Der Berliner Historiker Wolfgang Wippermann kommt in seinem neuen Buch zum Fundamentalismus in Geschichte und Gegenwart (Fundamentalismus: Radikale Strömungen in den Weltreligionen. Freiburg: Herder, 2013) in Vielem meiner in meinem Buch ‚Fundamentalismus: Wenn Religion zur Gewalt wird‘ vertretenen Sicht sehr nahe.
Für ihn wie für mich ist Fundamentalismus nicht einfach das Vertreten einer Wahrheit oder das Festmachen dieser Wahrheit an einer Heiligen Schrift. Erst der Wille, die eigene Wahrheit anderen politisch aufzwingen zu wollen, macht den Fundamentalismus aus. Wippermann schreibt:
„Fundamentalismus ist eine Ideologie, durch die Religion politisiert, die Politik dagegen sakralisiert und zur ‚politischen Religion‘ gemacht wird“ (S. 7).
Er erläutert dazu:
„Religion kann die Menschen wie die Drogen Kokain und Crack aufputschen und aggressiv machen. Doch zuvor muss die Religion zur Ideologie gemacht werden, mit der die Angehörigen von politischen und religiösen Organisationen ihre jeweiligen religiösen Dogmen und politischen Ziele zu legitimieren und zu verwirklichen suchen.“ (S. 7).
Dasselbe noch einmal anders formuliert:
„Erst durch die Sakralisierung der Politik werden antiaufklärerische, antimoderne und irrationalistische politische Bewegungen fundamentalistisch.“ (S. 8).
Er kritisiert, dass bei einem umfassenden Fundamentalismusverständnis, das einfach beim Widerstand gegen die Moderne ansetzt, „alle Religionen als fundamentalistisch bezeichnet werden“ „könnten“ (S. 8). Die darauf fußende Unterscheidung zwischen Islam und Islamismus (S. 71ff.) entspricht genau meiner Unterscheidung.
Die Gefahr des Fundamentalismus erkennt er genau wie ich nur dann,
„wenn politisierte religiöse Dogmen und religiös begründete politische Zielvorstellungen gegen die universalistischen Werte von Menschenrecht und Menschenwürde verstoßen und wenn ihre Verwirklichung nicht mit den demokratischen Prinzipien und Regeln vereinbar ist“ (S. 10).
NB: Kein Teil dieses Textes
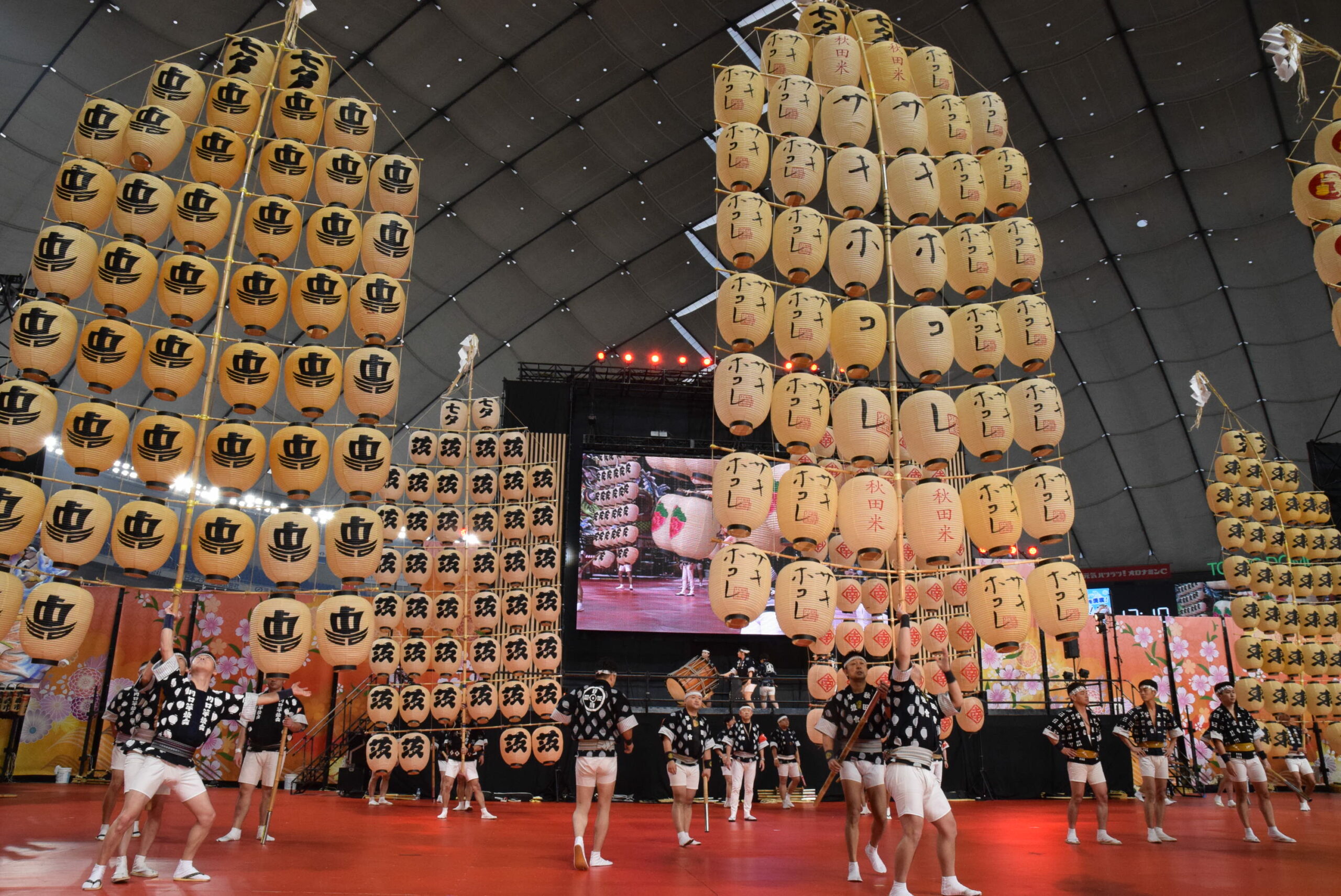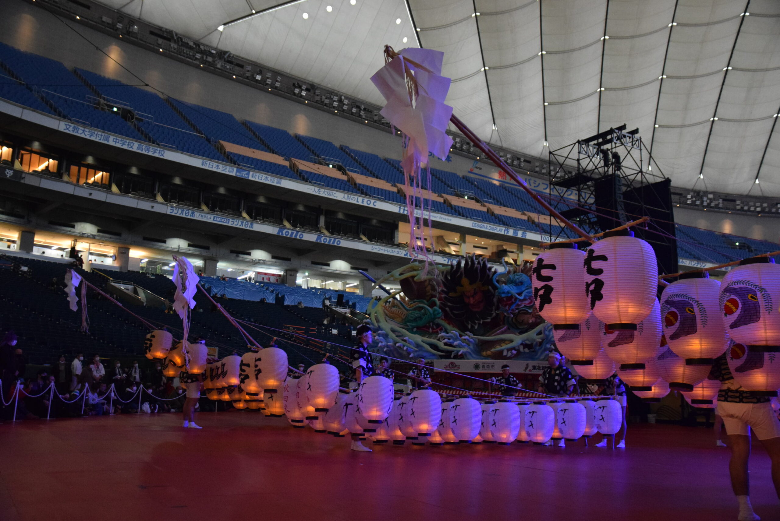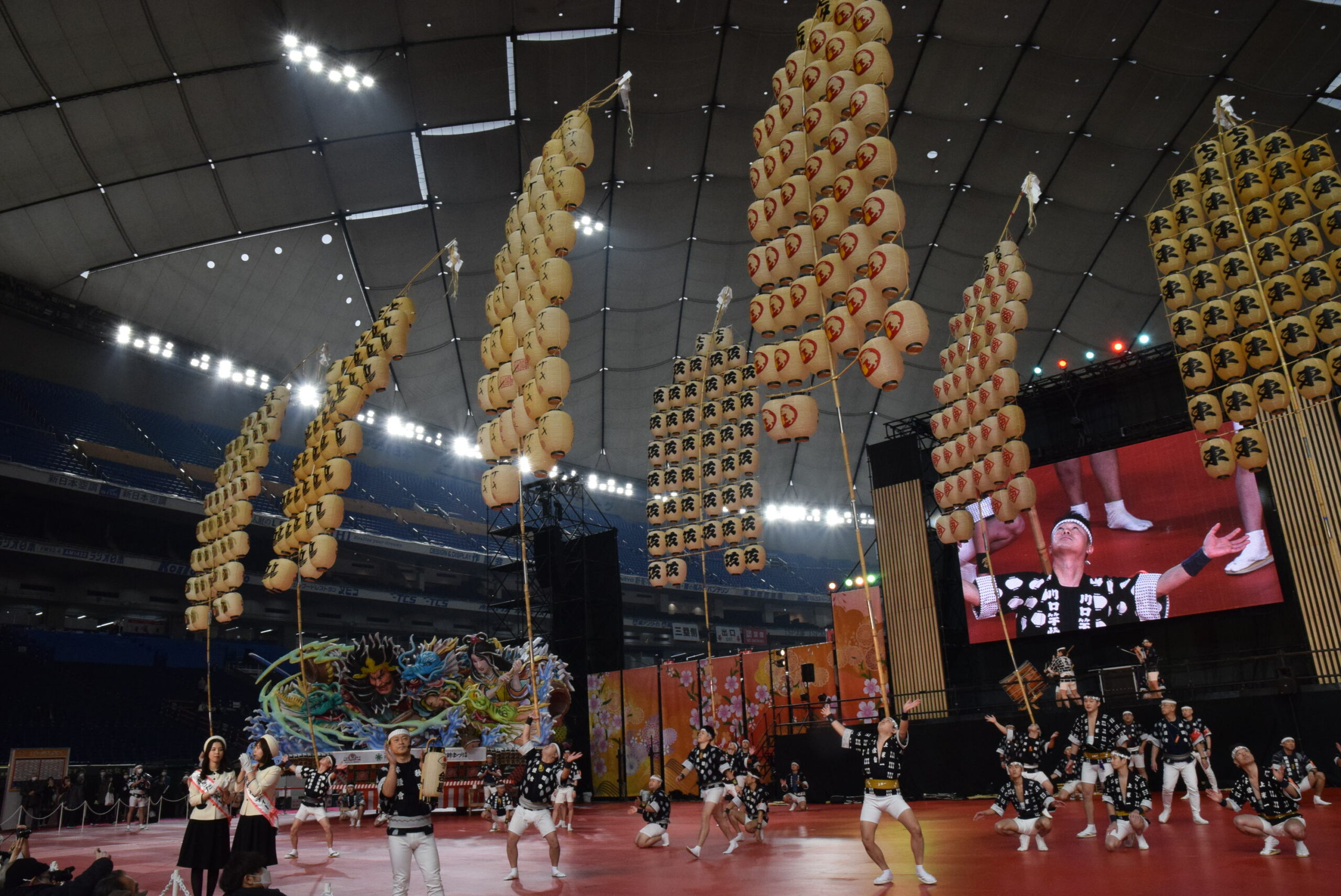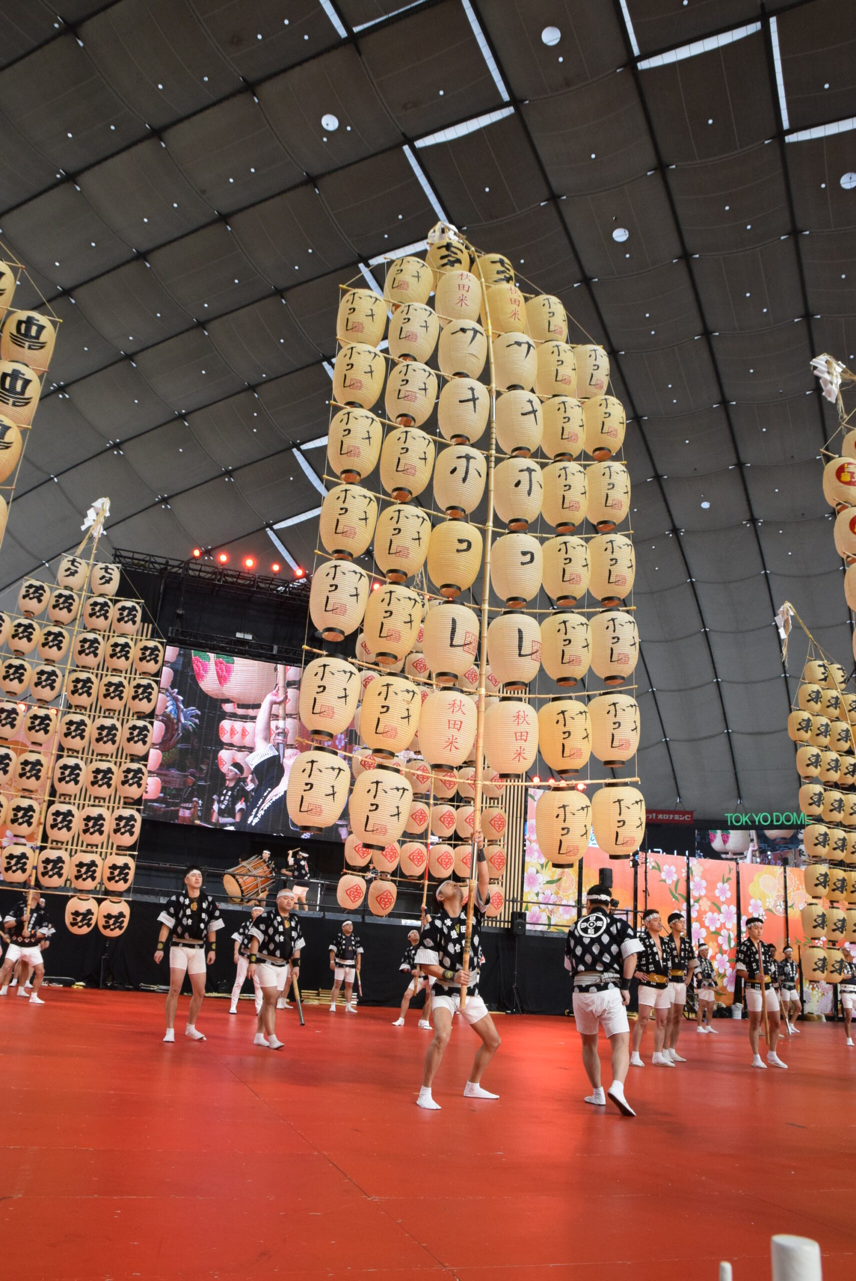 実際の秋田竿燈まつりは屋外なので、ろうそくを使い本物の火を灯すそうですが、今回は東京ドームの屋内のためLEDを使っています。それでも、昼間とは全然違う竿燈の雰囲気を味わえました。
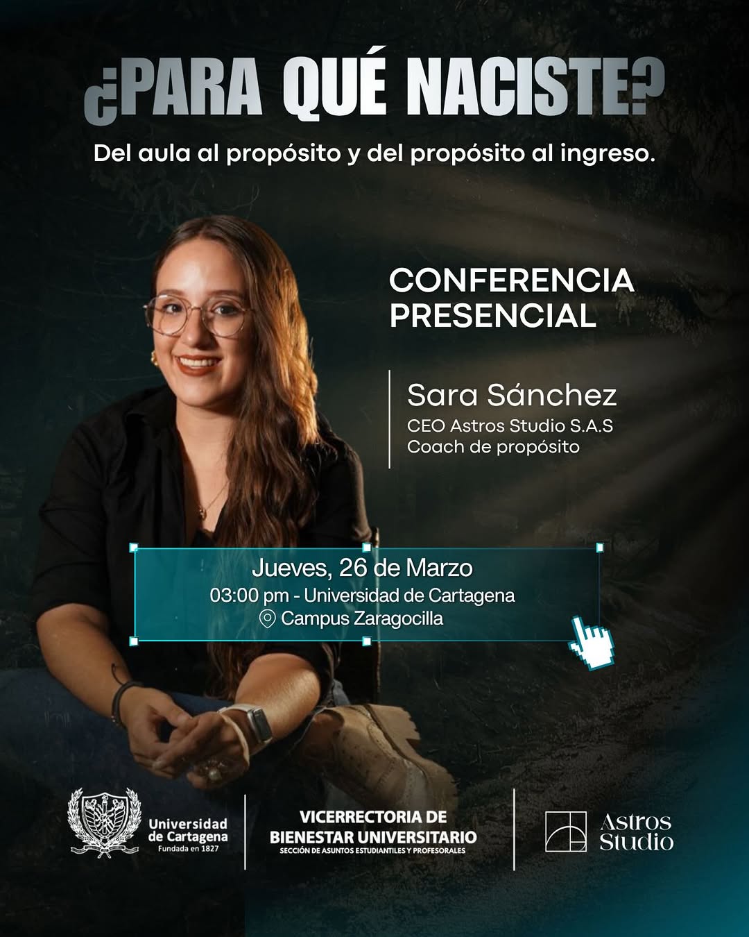 “¿PARA QUÉ NACISTE? Del aula al propósito y del propósito al ingreso” es una conferencia presencial en la Universidad de Cartagena, Campus Zaragocilla, donde la coach de propósito y CEO de Astros Studio, Sara Sánchez, acompaña a los asistentes a cuestionar su camino académico y profesional. En este espacio en Cartagena se exploran herramientas para conectar vocación, sentido de vida y generación de ingresos, orientado especialmente a estudiantes que quieren alinear su formación con un proyecto de vida significativo.

Das entspricht genau meiner Sicht der Menschenrechte als Wasserscheide in Fragen des Fundamentalismus, wie ich sie in meinem Buch beschrieben habe. Deswegen sieht er auch dort, wo die russisch-orthodoxe Kirche Menschenrechte ablehnt, Fundamentalismus (S. 69).
Wie ich kommt er deswegen auch zu dem Schluss, dass es keinen Grund gibt, Fundamentalismus nur auf die Moderne zu beschränken oder nur bestimmte, immer wieder genannte Bewegungen als Beispiel anzuführen. So zählt er etwa wie ich den Ku-Klux-Klan (S. 22–23) und die PLO (S. 83–84), aber auch die Kreuzzüge, und zwar beide Seiten (S. 74, 77 u. ö.), zu den fundamentalistischen Bewegungen.
Neu für mich, aber sehr zutreffend, ist es, die Barmer Theologische Erklärung von 1934 als antifundamentalistische Erklärung zu sehen (S. 147)! Denn tatsächlich erklärt sie deutlich, dass das Evangelium nicht als parteipolitisches Programm taugt, und verteidigt zugleich die Unabhängigkeit der Kirche gegenüber staatlicher Bevormundung.